#### [Information]
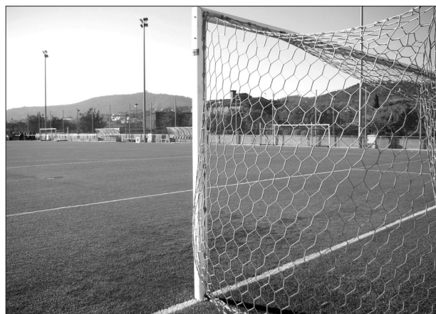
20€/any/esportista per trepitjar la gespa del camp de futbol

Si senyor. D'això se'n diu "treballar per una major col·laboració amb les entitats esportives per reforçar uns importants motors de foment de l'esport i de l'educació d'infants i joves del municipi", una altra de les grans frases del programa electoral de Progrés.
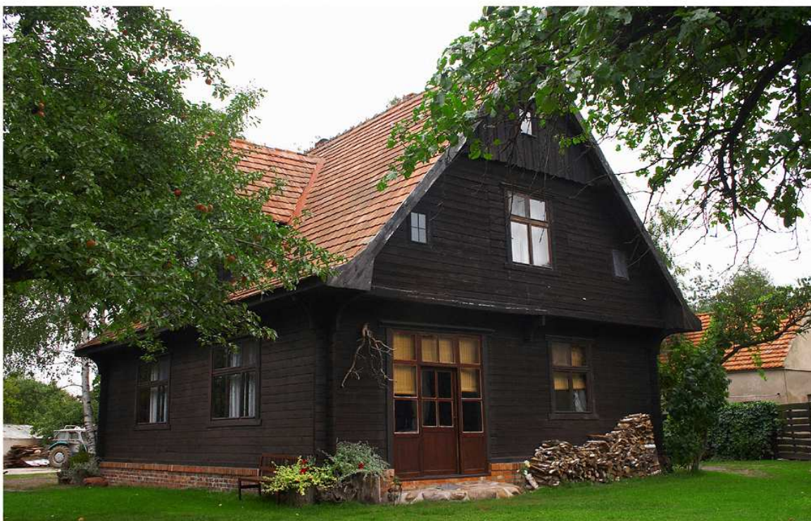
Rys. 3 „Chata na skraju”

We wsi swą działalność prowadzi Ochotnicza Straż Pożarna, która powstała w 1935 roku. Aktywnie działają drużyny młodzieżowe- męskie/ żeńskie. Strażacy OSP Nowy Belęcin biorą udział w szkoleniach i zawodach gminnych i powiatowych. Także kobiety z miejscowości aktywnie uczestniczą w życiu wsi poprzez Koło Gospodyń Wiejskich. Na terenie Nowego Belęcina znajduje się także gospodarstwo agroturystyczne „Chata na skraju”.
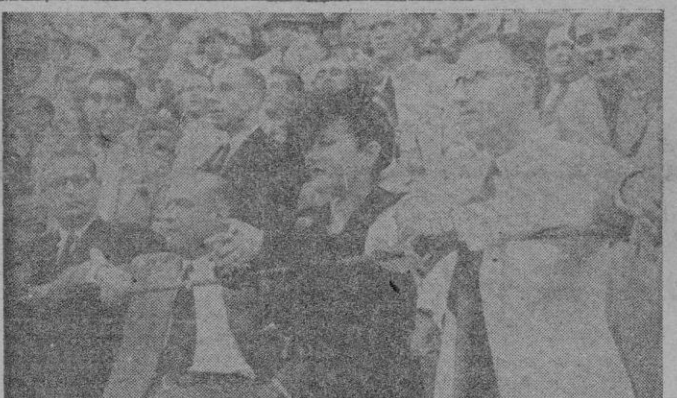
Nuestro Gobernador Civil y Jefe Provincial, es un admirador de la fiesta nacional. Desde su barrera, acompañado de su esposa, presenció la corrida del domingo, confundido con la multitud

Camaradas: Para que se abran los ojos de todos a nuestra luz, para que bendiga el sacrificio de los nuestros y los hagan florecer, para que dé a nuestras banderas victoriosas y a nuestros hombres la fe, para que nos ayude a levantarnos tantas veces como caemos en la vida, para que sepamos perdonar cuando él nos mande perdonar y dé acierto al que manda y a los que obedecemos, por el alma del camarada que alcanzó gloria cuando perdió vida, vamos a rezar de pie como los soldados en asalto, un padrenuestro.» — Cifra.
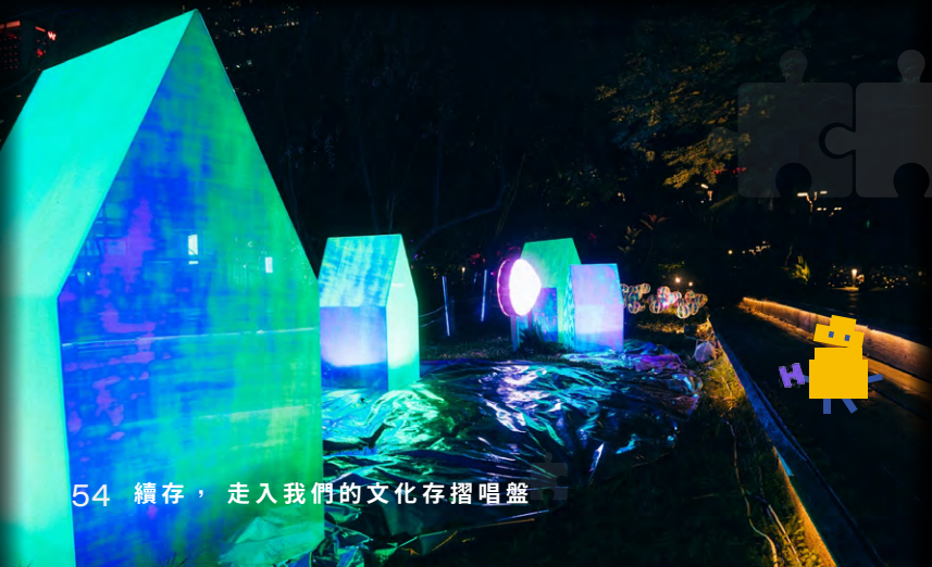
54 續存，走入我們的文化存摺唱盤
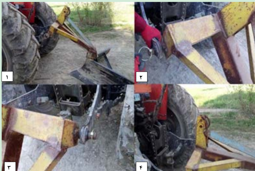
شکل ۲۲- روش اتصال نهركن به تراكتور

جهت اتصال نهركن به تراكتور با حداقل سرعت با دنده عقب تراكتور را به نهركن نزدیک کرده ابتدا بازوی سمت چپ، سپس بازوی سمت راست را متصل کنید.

* * *

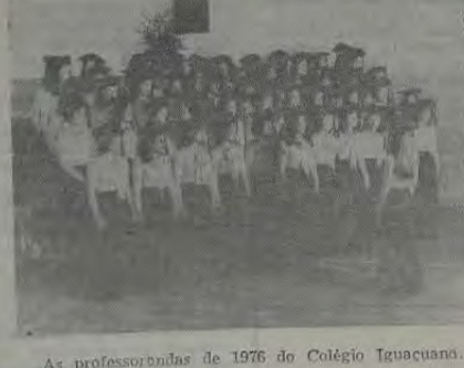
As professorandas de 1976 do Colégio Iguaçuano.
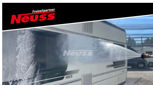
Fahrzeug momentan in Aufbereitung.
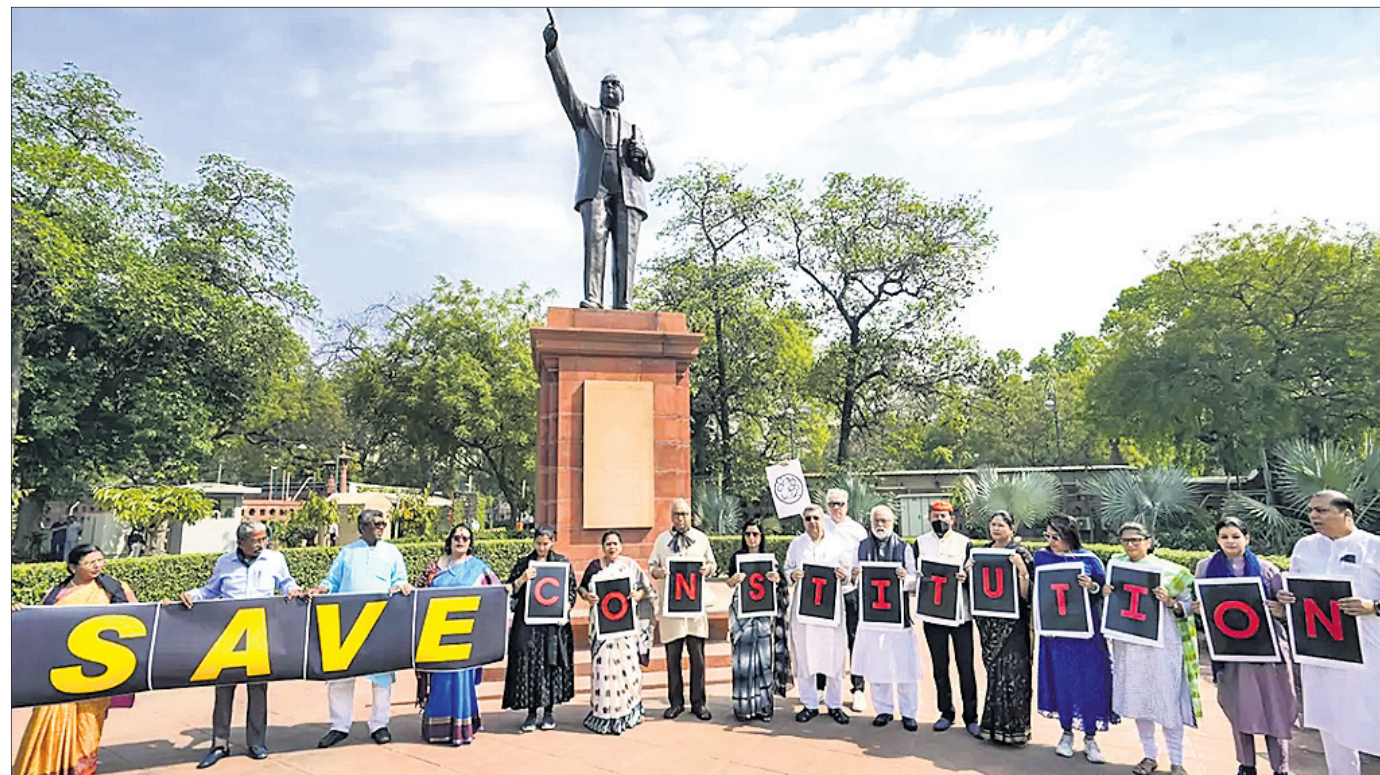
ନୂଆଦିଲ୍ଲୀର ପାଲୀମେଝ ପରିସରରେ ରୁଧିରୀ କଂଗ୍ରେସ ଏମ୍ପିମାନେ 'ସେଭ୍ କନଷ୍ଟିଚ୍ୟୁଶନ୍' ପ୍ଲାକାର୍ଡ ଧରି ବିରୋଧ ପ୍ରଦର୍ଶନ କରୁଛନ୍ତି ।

#### [What is needed]
Within the listing, how many lines hold "تراكتور"? Write only that number.

#### [Problem solution]
2